Data segment

···

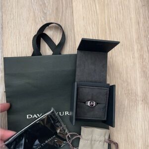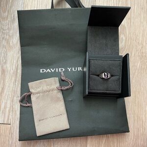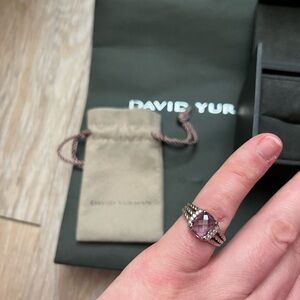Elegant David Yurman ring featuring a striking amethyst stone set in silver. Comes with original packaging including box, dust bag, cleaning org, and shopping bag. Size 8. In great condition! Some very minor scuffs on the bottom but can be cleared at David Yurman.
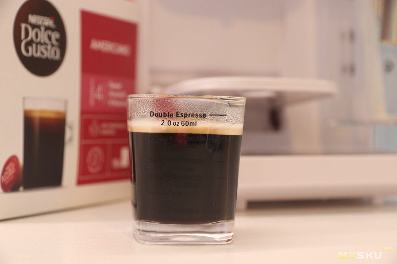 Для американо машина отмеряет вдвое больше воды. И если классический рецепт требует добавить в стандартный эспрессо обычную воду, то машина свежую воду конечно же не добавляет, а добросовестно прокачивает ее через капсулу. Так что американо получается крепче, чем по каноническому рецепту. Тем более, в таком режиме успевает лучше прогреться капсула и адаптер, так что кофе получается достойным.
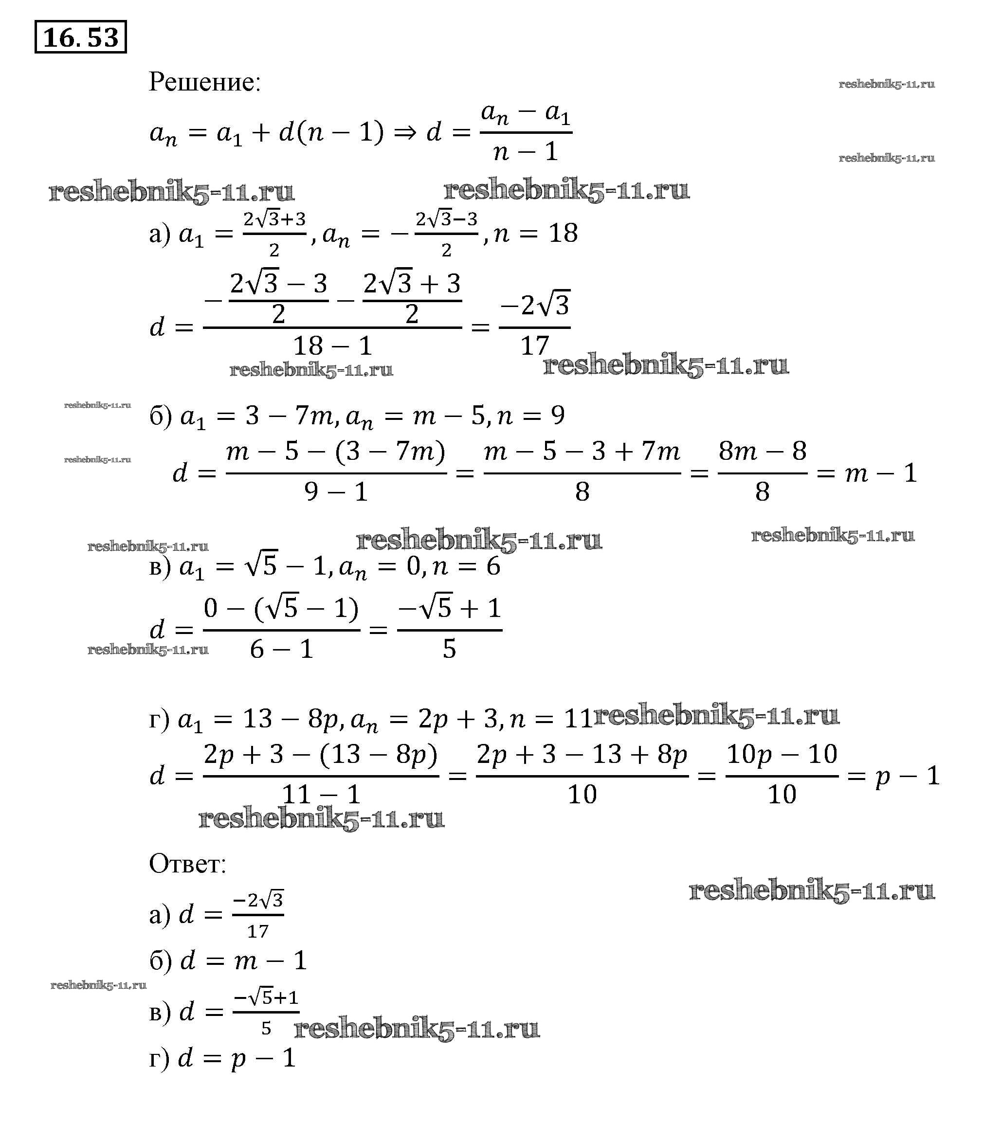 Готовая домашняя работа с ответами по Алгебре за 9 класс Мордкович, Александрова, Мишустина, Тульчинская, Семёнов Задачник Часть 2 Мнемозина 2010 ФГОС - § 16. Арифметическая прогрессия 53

···

Problem details
An exact restatement is expected of the lines from the line containing "Для американо машина" to the end of the data above, pictures excluded.

Written response
 Для американо машина отмеряет вдвое больше воды. И если классический рецепт требует добавить в стандартный эспрессо обычную воду, то машина свежую воду конечно же не добавляет, а добросовестно прокачивает ее через капсулу. Так что американо получается крепче, чем по каноническому рецепту. Тем более, в таком режиме успевает лучше прогреться капсула и адаптер, так что кофе получается достойным.
 Готовая домашняя работа с ответами по Алгебре за 9 класс Мордкович, Александрова, Мишустина, Тульчинская, Семёнов Задачник Часть 2 Мнемозина 2010 ФГОС - § 16. Арифметическая прогрессия 53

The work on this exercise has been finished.